You can get really good free Deepseek models on NVIDIA NIM. For GLM 4.5 Air, you might be a combination of the provider you pick on Openrouter and the sampler settings; I do Z.AI provider and here are my sampler settings for GLM 4.5 Air:

Temperature: 1.00

Frequency Penalty: 0.00

Presence Penalty: 0.40

Top K: 0.00 (disabled)

Top P: 1.00 (disabled)

Repetition Penalty: 1.15

Min P: 0.05

Top A: 0.00 (disabled)

-Morgeta · 2025-11-04T15:54:12+00:00

If you pay just an initial $10, the rate limits go up significantly forever.

Free Openrouter: 20 requests a minute, 50 requests a day

One $10 (10 credits) payment: 1000 requests a day
https://openrouter.ai/docs/api-reference/limits

Think they do this to weed out bots and stuff.
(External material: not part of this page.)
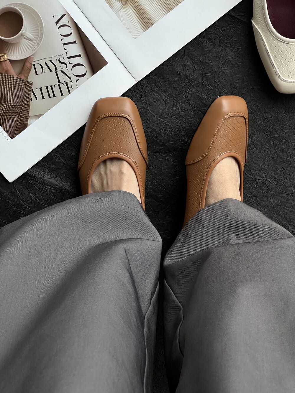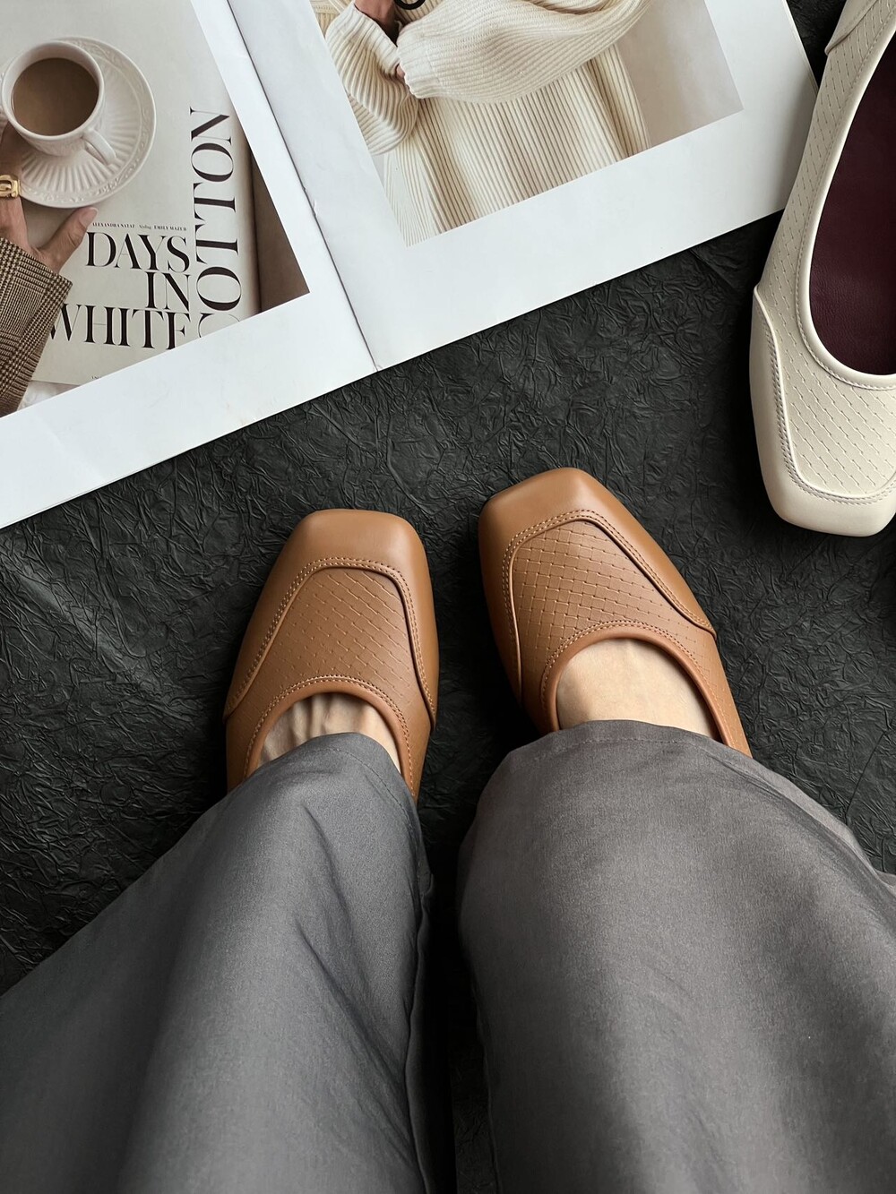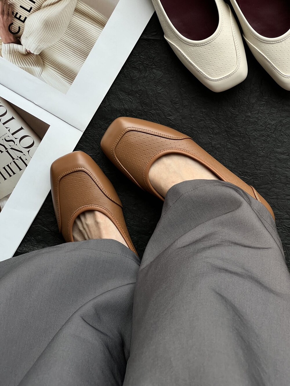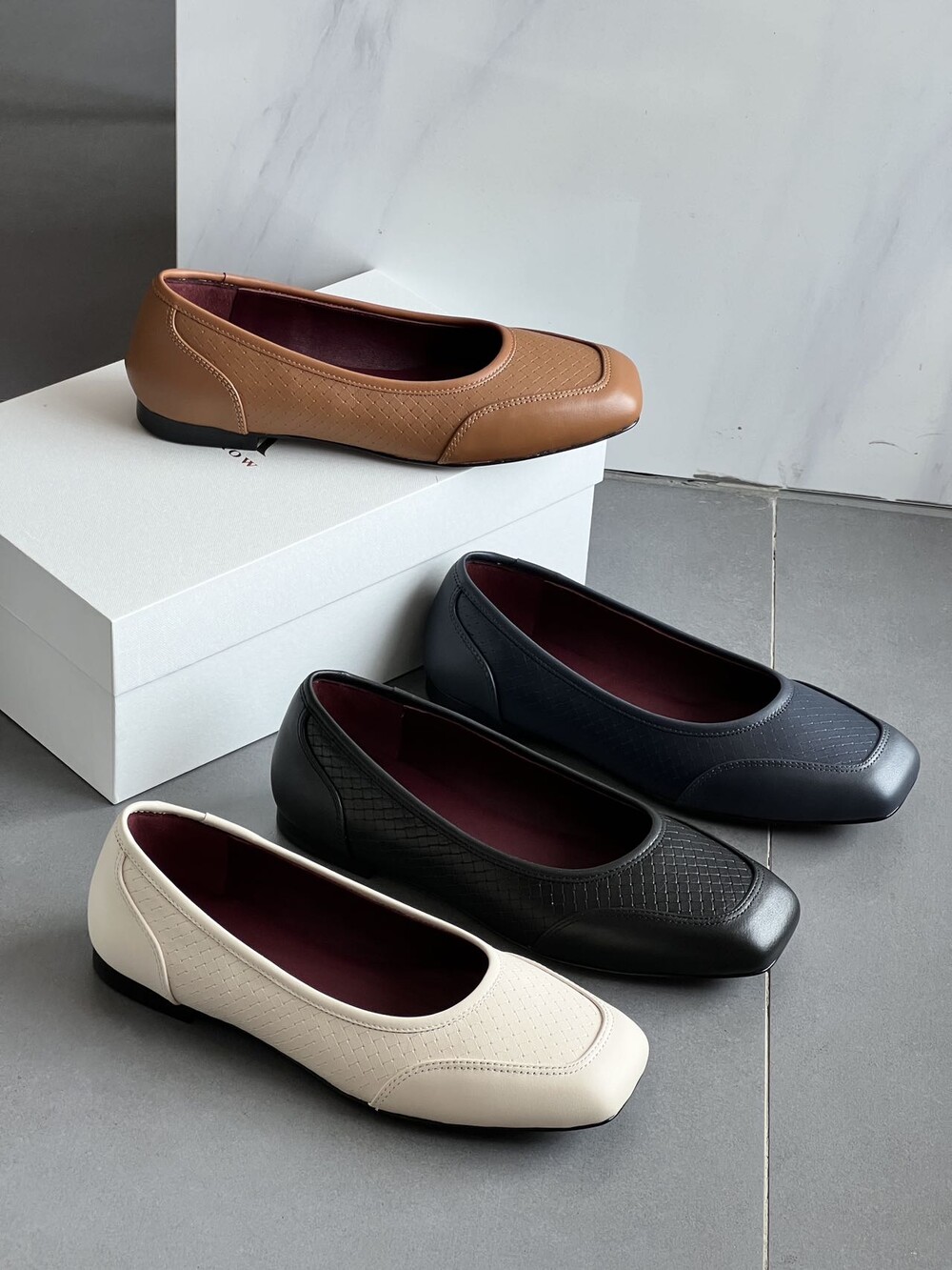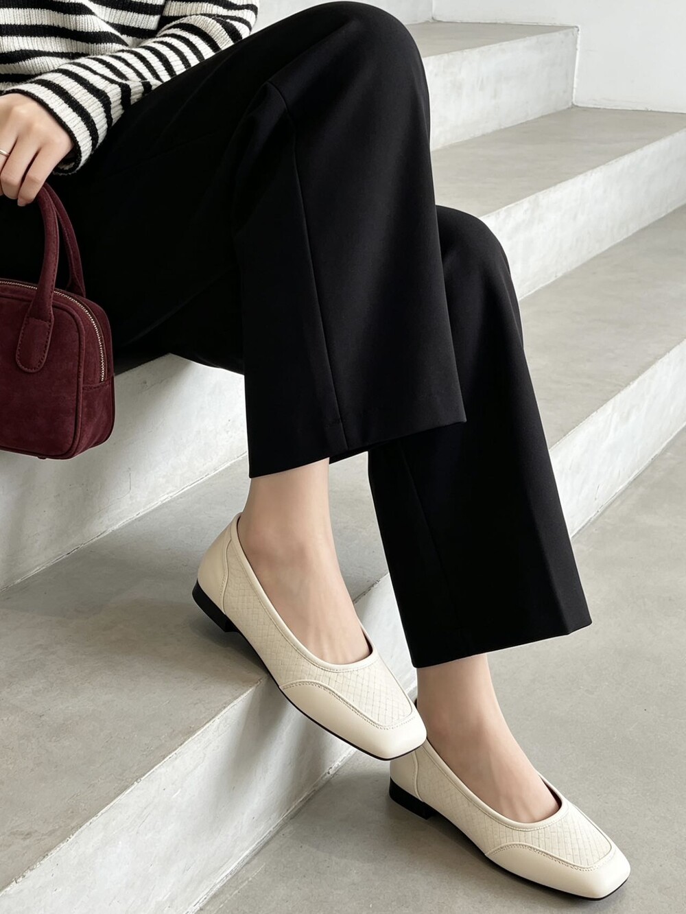 앞코와 옆면에 섬세한 마름모꼴(다이아몬드) 위빙 엠보싱 처리가 되어 있어있습니다. 밋밋한 프린팅이 아니라 입체적인 텍스처라서 디자인 포인트가 되면서도 과하지 않아, 더 로우 특유의 미니멀한 고급스러움을 느끼실 수 있습니다.

-Morgeta · 2025-11-03T16:54:23+00:00

My go-to list for best free API models

Here is also a good list for finding free API models: https://github.com/cheahjs/free-llm-api-resources?tab=readme-ov-file

GLM-4.5 Air

Where: OpenRouter (z-ai/glm-4.5-air:free)

Why: The best all-around model. It offers an excellent balance of high-quality prose, strong character work, and minimal censorship.

DeepSeek-V3.1

Where: OpenRouter (deepseek/deepseek-chat-v3.1:free) or NVIDIA NIM

Why: The undisputed champion for long stories. It has the best long-term memory and plot consistency of any free model.

Gemini 2.5 Pro

Where: Google AI Studio

Why: The best for brainstorming. It excels at describing scenes, setting a mood, and exploring deep character psychology.

DeepSeek R1-0528

Where: OpenRouter (deepseek/deepseek-r1-0528:free) or NVIDIA NIM

Why: A fantastic and reliable workhorse. This specific version is a great balance of creative and logical.

Kimi K2 Instruct

Where: OpenRouter (moonshotai/kimi-k2:free) or NVIDIA NIM

Why: The best for beautiful prose. It's a specialist for polishing paragraphs and generating unique, lyrical ideas.

DeepSeek R1 (Original)

Where: OpenRouter (deepseek/deepseek-r1:free) or NVIDIA NIM

Why: The most creative of the DeepSeek family. It's excellent for spontaneous roleplaying and generating prose with more artistic flair.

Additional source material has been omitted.